SIGKILL (signal 9) is more likely to be “the OOMKiller came to visit”. The grafana library in particular has an enormous filelists.xml to process (<open-size>2202178308</open-size>) - the worker-process can grow to 5GB (!) when trying to ingest it. See https://issues.redhat.com/browse/PULP-280 for details. We haven’t addressed this issue yet.

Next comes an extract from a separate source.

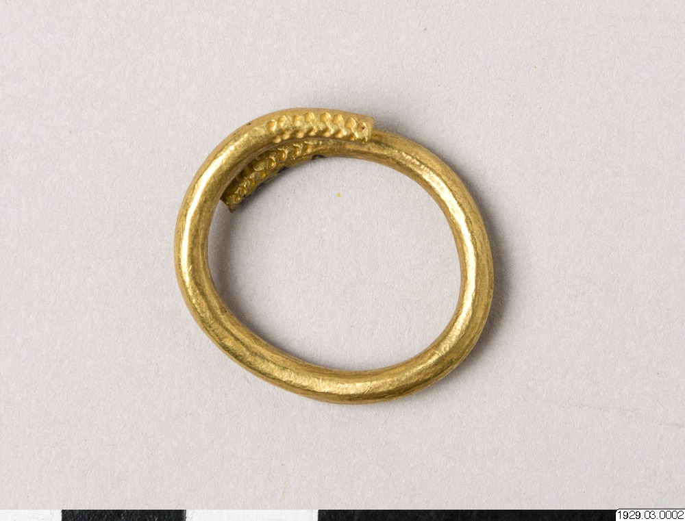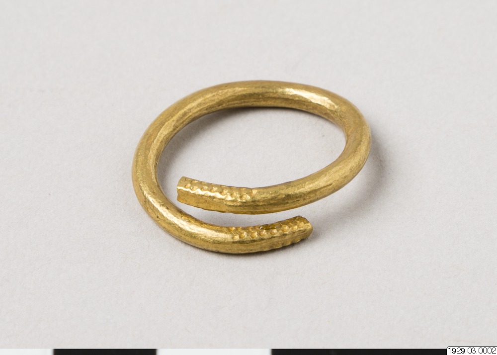 Guldring. Tillverkad av, en tunnare guldstav än nr 1, ändarna skjuter förbi varandra. Liksom nr1 prydd med instansade 8-formiga figurer, vilka deformerats, troligen genom hamring. Vikt: 8 gr. Största diam. 2,45 cm.

artifactory repos can be missing filelists.xml entirely, which caused pulp_rpm to refuse to ingest them. That was fixed in the recently-released pulp_rpm/3.28 - see https://github.com/pulp/pulp_rpm/issues/3777

3 Likes

Just feedback… I got it to work by setting higher memory limits… thanks for your help

  worker:
    replicas: 2
    resource_requirements:
      requests:
        cpu: "1"
        memory: 2Gi
      limits:
        cpu: "4"
        memory: 7Gi
3 Likes

Outstanding - thanks for letting me know!